## Goal of the exercise:
Your answer must hold only the lines below from the line containing "Una camarera limpia" through the line containing "je torej treba", each reproduced exactly.
━━━━━ Input for this task
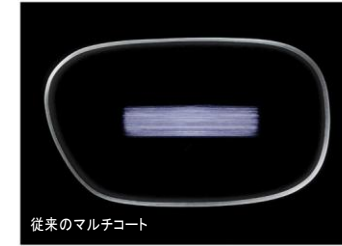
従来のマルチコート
━━━━━━━━━━
━━━━━ Input for this task
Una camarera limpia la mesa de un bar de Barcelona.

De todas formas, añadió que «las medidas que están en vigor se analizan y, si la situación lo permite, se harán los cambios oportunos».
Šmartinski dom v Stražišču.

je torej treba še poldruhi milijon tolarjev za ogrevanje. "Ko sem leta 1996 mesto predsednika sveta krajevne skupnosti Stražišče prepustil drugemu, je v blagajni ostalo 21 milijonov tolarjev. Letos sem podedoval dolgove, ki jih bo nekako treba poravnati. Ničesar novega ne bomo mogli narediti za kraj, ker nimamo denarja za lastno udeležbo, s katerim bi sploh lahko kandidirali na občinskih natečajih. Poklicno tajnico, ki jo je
━━━━━━━━━━
━━━━━ Input for this task
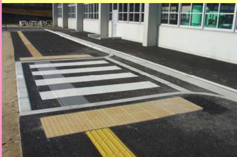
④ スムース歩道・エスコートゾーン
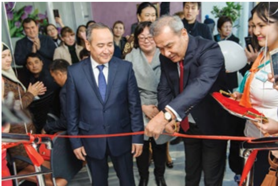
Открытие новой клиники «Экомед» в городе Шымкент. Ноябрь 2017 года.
━━━━━━━━━━
## Task output:
Una camarera limpia la mesa de un bar de Barcelona.

De todas formas, añadió que «las medidas que están en vigor se analizan y, si la situación lo permite, se harán los cambios oportunos».
Šmartinski dom v Stražišču.

je torej treba še poldruhi milijon tolarjev za ogrevanje. "Ko sem leta 1996 mesto predsednika sveta krajevne skupnosti Stražišče prepustil drugemu, je v blagajni ostalo 21 milijonov tolarjev. Letos sem podedoval dolgove, ki jih bo nekako treba poravnati. Ničesar novega ne bomo mogli narediti za kraj, ker nimamo denarja za lastno udeležbo, s katerim bi sploh lahko kandidirali na občinskih natečajih. Poklicno tajnico, ki jo je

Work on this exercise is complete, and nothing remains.